Exercise prompt -
Copy out the listing below so that each line matches exactly.

:: Given entries ::

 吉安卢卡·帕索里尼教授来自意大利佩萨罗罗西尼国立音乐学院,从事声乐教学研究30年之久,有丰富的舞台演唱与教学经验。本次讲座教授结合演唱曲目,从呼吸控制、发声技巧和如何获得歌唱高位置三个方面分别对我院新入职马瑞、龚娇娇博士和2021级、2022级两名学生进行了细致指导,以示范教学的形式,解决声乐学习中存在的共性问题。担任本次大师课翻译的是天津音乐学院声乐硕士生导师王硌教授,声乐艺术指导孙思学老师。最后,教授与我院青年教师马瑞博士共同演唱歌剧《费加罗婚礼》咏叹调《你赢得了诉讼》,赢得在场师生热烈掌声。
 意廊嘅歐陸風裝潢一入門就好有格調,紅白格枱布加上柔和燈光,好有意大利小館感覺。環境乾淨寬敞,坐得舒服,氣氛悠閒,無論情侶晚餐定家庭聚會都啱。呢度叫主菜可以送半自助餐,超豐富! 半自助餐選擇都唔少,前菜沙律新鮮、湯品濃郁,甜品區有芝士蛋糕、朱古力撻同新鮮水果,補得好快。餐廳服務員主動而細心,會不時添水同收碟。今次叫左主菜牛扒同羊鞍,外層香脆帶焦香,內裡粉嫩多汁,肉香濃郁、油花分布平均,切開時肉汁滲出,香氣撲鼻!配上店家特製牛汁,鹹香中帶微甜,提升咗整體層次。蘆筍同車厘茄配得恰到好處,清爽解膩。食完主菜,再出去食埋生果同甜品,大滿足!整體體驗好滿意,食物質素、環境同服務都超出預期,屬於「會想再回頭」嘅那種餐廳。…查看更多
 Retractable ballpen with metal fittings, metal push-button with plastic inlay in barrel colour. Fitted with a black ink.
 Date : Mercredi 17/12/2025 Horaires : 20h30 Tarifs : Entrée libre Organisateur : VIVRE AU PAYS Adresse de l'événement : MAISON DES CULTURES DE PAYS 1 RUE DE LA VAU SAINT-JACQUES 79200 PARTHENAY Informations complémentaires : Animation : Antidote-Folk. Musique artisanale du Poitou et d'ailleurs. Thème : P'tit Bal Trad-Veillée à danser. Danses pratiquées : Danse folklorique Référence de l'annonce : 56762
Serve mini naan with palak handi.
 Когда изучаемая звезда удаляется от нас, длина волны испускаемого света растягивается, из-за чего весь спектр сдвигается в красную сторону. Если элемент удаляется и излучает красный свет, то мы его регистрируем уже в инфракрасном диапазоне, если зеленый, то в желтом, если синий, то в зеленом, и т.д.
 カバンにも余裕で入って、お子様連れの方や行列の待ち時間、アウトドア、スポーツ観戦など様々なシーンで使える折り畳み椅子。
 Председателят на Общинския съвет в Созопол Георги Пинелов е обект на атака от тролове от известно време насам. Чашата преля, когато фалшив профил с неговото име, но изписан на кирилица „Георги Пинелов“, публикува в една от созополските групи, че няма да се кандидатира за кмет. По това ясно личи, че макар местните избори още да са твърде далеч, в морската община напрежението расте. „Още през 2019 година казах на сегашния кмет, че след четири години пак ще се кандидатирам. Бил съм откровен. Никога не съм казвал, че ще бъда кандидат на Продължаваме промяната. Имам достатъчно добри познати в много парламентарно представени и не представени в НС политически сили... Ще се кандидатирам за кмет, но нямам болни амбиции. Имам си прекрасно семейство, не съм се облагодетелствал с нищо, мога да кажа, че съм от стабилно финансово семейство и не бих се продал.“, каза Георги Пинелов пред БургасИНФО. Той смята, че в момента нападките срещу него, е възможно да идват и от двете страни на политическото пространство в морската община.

:::

Solution to this exercise -
 吉安卢卡·帕索里尼教授来自意大利佩萨罗罗西尼国立音乐学院,从事声乐教学研究30年之久,有丰富的舞台演唱与教学经验。本次讲座教授结合演唱曲目,从呼吸控制、发声技巧和如何获得歌唱高位置三个方面分别对我院新入职马瑞、龚娇娇博士和2021级、2022级两名学生进行了细致指导,以示范教学的形式,解决声乐学习中存在的共性问题。担任本次大师课翻译的是天津音乐学院声乐硕士生导师王硌教授,声乐艺术指导孙思学老师。最后,教授与我院青年教师马瑞博士共同演唱歌剧《费加罗婚礼》咏叹调《你赢得了诉讼》,赢得在场师生热烈掌声。
 意廊嘅歐陸風裝潢一入門就好有格調,紅白格枱布加上柔和燈光,好有意大利小館感覺。環境乾淨寬敞,坐得舒服,氣氛悠閒,無論情侶晚餐定家庭聚會都啱。呢度叫主菜可以送半自助餐,超豐富! 半自助餐選擇都唔少,前菜沙律新鮮、湯品濃郁,甜品區有芝士蛋糕、朱古力撻同新鮮水果,補得好快。餐廳服務員主動而細心,會不時添水同收碟。今次叫左主菜牛扒同羊鞍,外層香脆帶焦香,內裡粉嫩多汁,肉香濃郁、油花分布平均,切開時肉汁滲出,香氣撲鼻!配上店家特製牛汁,鹹香中帶微甜,提升咗整體層次。蘆筍同車厘茄配得恰到好處,清爽解膩。食完主菜,再出去食埋生果同甜品,大滿足!整體體驗好滿意,食物質素、環境同服務都超出預期,屬於「會想再回頭」嘅那種餐廳。…查看更多
 Retractable ballpen with metal fittings, metal push-button with plastic inlay in barrel colour. Fitted with a black ink.
 Date : Mercredi 17/12/2025 Horaires : 20h30 Tarifs : Entrée libre Organisateur : VIVRE AU PAYS Adresse de l'événement : MAISON DES CULTURES DE PAYS 1 RUE DE LA VAU SAINT-JACQUES 79200 PARTHENAY Informations complémentaires : Animation : Antidote-Folk. Musique artisanale du Poitou et d'ailleurs. Thème : P'tit Bal Trad-Veillée à danser. Danses pratiquées : Danse folklorique Référence de l'annonce : 56762
Serve mini naan with palak handi.
 Когда изучаемая звезда удаляется от нас, длина волны испускаемого света растягивается, из-за чего весь спектр сдвигается в красную сторону. Если элемент удаляется и излучает красный свет, то мы его регистрируем уже в инфракрасном диапазоне, если зеленый, то в желтом, если синий, то в зеленом, и т.д.
 カバンにも余裕で入って、お子様連れの方や行列の待ち時間、アウトドア、スポーツ観戦など様々なシーンで使える折り畳み椅子。
 Председателят на Общинския съвет в Созопол Георги Пинелов е обект на атака от тролове от известно време насам. Чашата преля, когато фалшив профил с неговото име, но изписан на кирилица „Георги Пинелов“, публикува в една от созополските групи, че няма да се кандидатира за кмет. По това ясно личи, че макар местните избори още да са твърде далеч, в морската община напрежението расте. „Още през 2019 година казах на сегашния кмет, че след четири години пак ще се кандидатирам. Бил съм откровен. Никога не съм казвал, че ще бъда кандидат на Продължаваме промяната. Имам достатъчно добри познати в много парламентарно представени и не представени в НС политически сили... Ще се кандидатирам за кмет, но нямам болни амбиции. Имам си прекрасно семейство, не съм се облагодетелствал с нищо, мога да кажа, че съм от стабилно финансово семейство и не бих се продал.“, каза Георги Пинелов пред БургасИНФО. Той смята, че в момента нападките срещу него, е възможно да идват и от двете страни на политическото пространство в морската община.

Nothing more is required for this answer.